* [Information supplied]:
######

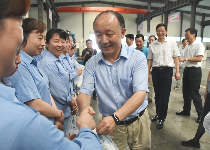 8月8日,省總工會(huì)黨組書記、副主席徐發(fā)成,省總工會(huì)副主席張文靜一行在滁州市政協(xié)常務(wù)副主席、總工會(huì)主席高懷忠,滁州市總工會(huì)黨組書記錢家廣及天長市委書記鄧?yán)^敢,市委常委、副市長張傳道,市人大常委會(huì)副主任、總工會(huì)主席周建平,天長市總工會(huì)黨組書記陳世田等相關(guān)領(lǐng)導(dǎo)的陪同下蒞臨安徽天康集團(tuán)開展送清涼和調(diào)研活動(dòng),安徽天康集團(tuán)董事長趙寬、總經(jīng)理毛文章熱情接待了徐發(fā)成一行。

######

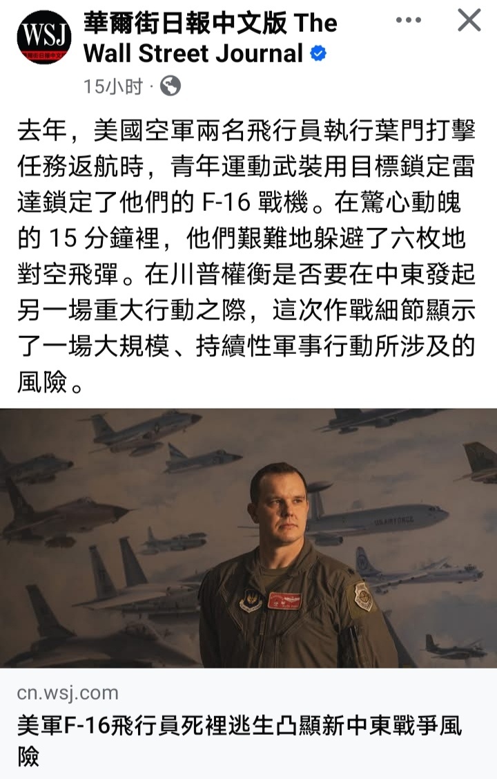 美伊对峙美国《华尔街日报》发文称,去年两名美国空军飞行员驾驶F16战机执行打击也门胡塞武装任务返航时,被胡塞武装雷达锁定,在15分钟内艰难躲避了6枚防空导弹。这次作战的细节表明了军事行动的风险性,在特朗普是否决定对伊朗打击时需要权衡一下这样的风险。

######

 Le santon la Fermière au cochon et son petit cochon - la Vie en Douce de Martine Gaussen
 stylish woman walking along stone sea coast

######

* [Directions]: Only the lines above from the one with "Le santon la" through the one with "stylish woman walking along stone sea coast" should be duplicated, character for character.

* [Response to this task]:
 Le santon la Fermière au cochon et son petit cochon - la Vie en Douce de Martine Gaussen
 stylish woman walking along stone sea coast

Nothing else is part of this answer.